Monday, February 11, 2008

Day 11 - Real Men Say Om

I am practicing not being offended, and the Universe is really testing my will, throwing a couple wrenches in my We're All One Nothing Offends Me Spoke.

Yoga Things that Piss Me Off, part I:

So while browsing the Yoga section at the Seattle Public Library, I came across this book, Real Men Do Yoga. Within seconds of reading it, I started sneezing. Within minutes of reading it, I started breaking out in hives.

No, you won't have to stand on your head. There will be no strange and painful contortions here.
No chanting. No incense. No gurus.
And, no, it isn't a chick thing.
The first sentences of the introduction are kind of cute, in a, "you're a man, we know you're a man, you are very manly, we acknowledge your manliness" kind of way. I understand that a lot of guys, especially American guys, for one reason or another, are extremely sensitive about their huevos. Sometimes you'd think that they would rather be flattened by a steamroller than to be caught "doing a chick thing".

Since the book is about getting guys to do yoga, I am okay with the "it isn't a chick thing" mantra. And really, yoga is gender agnostic, so anytime anyone does something to extend the reach of yoga is all cool with me. So I hold my breath and read on.
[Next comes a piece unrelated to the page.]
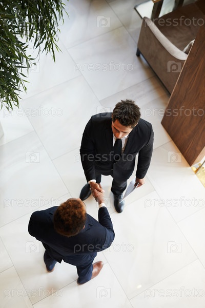 Уверенные предприниматели делают рукопожатие в вестибюле

... But we're just going to keep the focus on yoga's fantastic physical and mental benefits, without getting into the more cosmic stuff. So we'll be learning a twenty-first-century American kind of yoga, one that's fun, results-oriented and practical. The way men like things.
GAG ME! Please, someone bring me a barf bag. At this point in the book I am steaming like a kettle, and I feel like snapping my finger over my head, "Oh helllllz no you di'int" and threw the book shut.

Yoga Things that Piss Me Off, part II:


There is this fitness studio downtown Seattle, Slo Body, that I pretty much walk by every day. Today I picked up their brochure and checked out their web site. The home page is a flash page with revolving images of presumably their instructors in various yoga poses, with revolving tag lines, "No incense", "No chanting", "No nonsense", "Know your core", "Blah blah blah", "We blow", "Yogawash".
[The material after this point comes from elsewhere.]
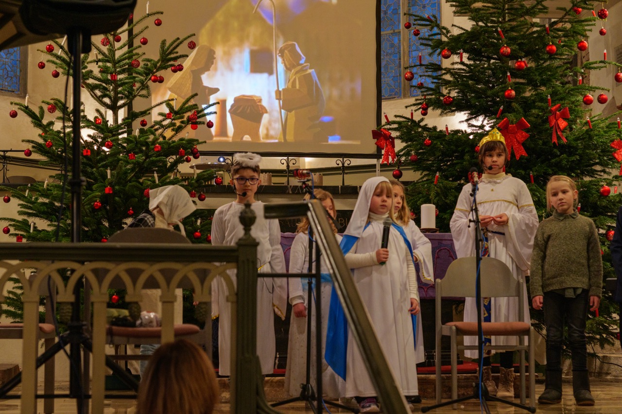 Mit dem Singspiel „Das himmlische Hilfswerk“ von Rainer Bohm (Musik) und Gabriele Timm (Text) hat die Kinderkantorei Dillenburg am 3. Advent vorweihnachtliche Stimmung in die Stadtkirche Dillenburg gezaubert. Die Geschichte um die Engel und Seraphim, die mit Hilfe von weltlicher Unterstützung – dem „Himmlischen Hilfswerk“ – die frohe Botschaft von der Geburt Jesu zu den Menschen bringen, hat das Publikum begeistert. Die Kinder bewiesen sowohl im chorischen als auch im solistischen Gesang, dass sie ihre Partien fleißig geübt haben und auch die Sprechtexte der Darsteller waren sicher und ausdrucksstark. Als besonderer Gast übernahm Wilfried Hahn drei Rollen im Singspiel, das musikalisch von Ulrich Kögel am E-Piano und von Ute Orth an der Querflöte begleitet wurde. Unter der Leitung von Petra Denker erlebten das Publikum eine unterhaltsame Geschichte und konnte sich auch beim Lied „Vom Himmel hoch, da komm ich her“ singend beteiligen. Ein langer Applaus war der schönste Dank an eine wunderbare Aufführung der Kinderkantorei Dillenburg!

Only the first four tag lines are real, the rest are from my Annoying Tag Line Radar. I am totally taking the "No nonsense" label personally, it's as if it implies that chanting and incense are nonsensical things.
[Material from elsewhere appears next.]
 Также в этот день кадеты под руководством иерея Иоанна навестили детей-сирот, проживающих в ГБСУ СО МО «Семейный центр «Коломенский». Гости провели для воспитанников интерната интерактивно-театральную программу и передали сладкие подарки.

I can't quite articulate why I'm so easily offended by the tone of the book and the website. The book is well-intentioned. It'll get guys who would not otherwise do yoga to give yoga a chance. And that's all good. And maybe along the way they will get into some spiritual "cosmic" stuff. If the guy is interested, he will learn more and find out about the eight limbs of yoga, not just one or two.

I accept the fact that chanting's not for everyone, and incense can be really smoky and sometimes downright stinky. I'm also aware that chanting and incense evoke a certain mystical image that can be off-putting for certain people. In that sense, I understand the motivation behind these reassurances.

Still, are there better ways to say, "We'll give you the tools to build a strong body, how you find your spirituality is up to you"? I don't know the answer, but these two approaches seem to say, "Six-pack abs and better sex and more energy? Yes please. But I can do without your New Age Drama."

Yoga is body *and* mind. You can't influence the Muscular System without affecting the Nervous System too.

The Eight Limbs of Yoga

# Yama : Universal morality
# Niyama : Personal observances
# Asanas : Body postures
# Pranayama : Breathing exercises, and control of prana (energy)
# Pratyahara : Control of the senses
# Dharana : Concentration and cultivating inner perceptual awareness
# Dhyana : Devotion, Meditation on the Divine
# Samadhi : Union with the Divine

1 comment:

Laurel Fan said...

I just like the idea of guys referring to "huevos". Eggs, isn't that a chick thing? Like both chickens and women!